Once Pharm/Tox studies have estimated the potential side effects associated with a drug, the Sponsor must interpret the findings of the Pharm/Tox studies. If they believe the risk: benefit ratio favors moving the drug to human clinical trials they must complete an Investigational New Drug Application (IND) and submit this to the FDA. In the IND, the investigator must justify why they believe the Pharm/Tox study supports moving the drug into the clinic. They must also provide the detailed reports from the study for the FDA to review.

The FDA will then review the results presented in the IND and make an independent determination as to whether it is reasonable to begin a clinical trial to study the drug in humans. If the FDA has questions after reviewing the IND, they can place the clinical trial on hold until the questions are resolved. The FDA is also free to audit the records of the Pharm/Tox studies and samples from the study must be maintained for FDA review.

For human clinical trials, an independent Institutional Review Board that serves to protect patients from risks associated with research must also review the study. The function of this Board is described in the Code of Federal Regulations and must assess the risk, monitor the conduct of the trial, and ensure patients give informed consent before treatment can begin.


When developing a drug for human use, one must consider how the drug must be given to maximize effectiveness. For example, will the drug be given as a one-time dose, or will it be given repeatedly over many years? Knowing how much, how often and for how long a drug will be given are critical questions when designing a Pharm/Tox study. Since Pharm/Tox studies can be very expensive, it is well worth the effort and expense of performing preliminary experiments aimed at identifying the potential dose and dosing schedule to be used in the Pharm/Tox study so the optimal information is collection to support the dose that will be used in humans.
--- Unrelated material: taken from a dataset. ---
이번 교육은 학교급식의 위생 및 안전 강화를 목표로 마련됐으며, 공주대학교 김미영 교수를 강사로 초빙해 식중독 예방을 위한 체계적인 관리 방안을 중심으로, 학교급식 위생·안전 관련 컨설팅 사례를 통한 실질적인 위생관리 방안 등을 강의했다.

A Sponsor is also well advised to develop a Pharm/Tox study with input from the FDA prior to initiating the study. The Sponsor should carefully determine what critical studies are required then contact the FDA to discuss the proposed Pharm/Tox study. It is better to identify concerns from the FDA before the costly and time-consuming Pharm/Tox study is initiated to minimize the chance that the study will be inadequate or insufficient to support the IND.
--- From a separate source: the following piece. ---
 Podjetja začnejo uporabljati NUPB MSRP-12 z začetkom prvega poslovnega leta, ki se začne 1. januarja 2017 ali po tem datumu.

There are a number of options for discussing drug development with the FDA. A Pre-Pre IND call is an informal, non-binding discussion that allows the Sponsor to provide the basic premise and supporting results that warrant drug studies in humans. A Pre-IND meeting is a more formal meeting in which the Pharm/Tox studies and the proposed clinical trial design will be discussed with a variety of FDA officials. In both cases, the FDA may make suggestions regarding the design of the Pharm/Tox study. Additional studies, or study modifications, are not uncommon and is why the FDA should be approached prior to conducting the study.
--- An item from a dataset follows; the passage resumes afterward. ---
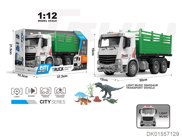 声光惯性1:12恐龙运输车 展示盒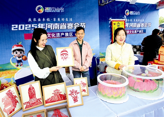丰收中原,硕果盈枝。9月23日,以“庆农业丰收 享美好生活”为主题的中国农民丰收节河南省主场活动在灵宝市焦村镇体育公园举行,来自全省各地的农民朋友晒特产、展民俗,载歌载舞,共同庆祝第八个中国农民丰收节。 本报记者 何英杰 摄

Many drugs can cause birth defects if given during pregnancy, so drugs that may be taken in women of childbearing age may require special testing. Children metabolize drugs differently than adults, so drugs that will be administered to children will likely require special testing. Importantly, certain classes of drugs that increase the risk of cancer causing mutations will require special risk assessments.


Pharm /Tox studies are generally not performed in research laboratories but conducted in specialized centers with specific expertise in these studies. In general, Pharm/Tox studies are conduced under Good Laboratory Practices (GLP). The requirements for GLP work are described in the US Code of Federal Regulations (21 CFR part 58).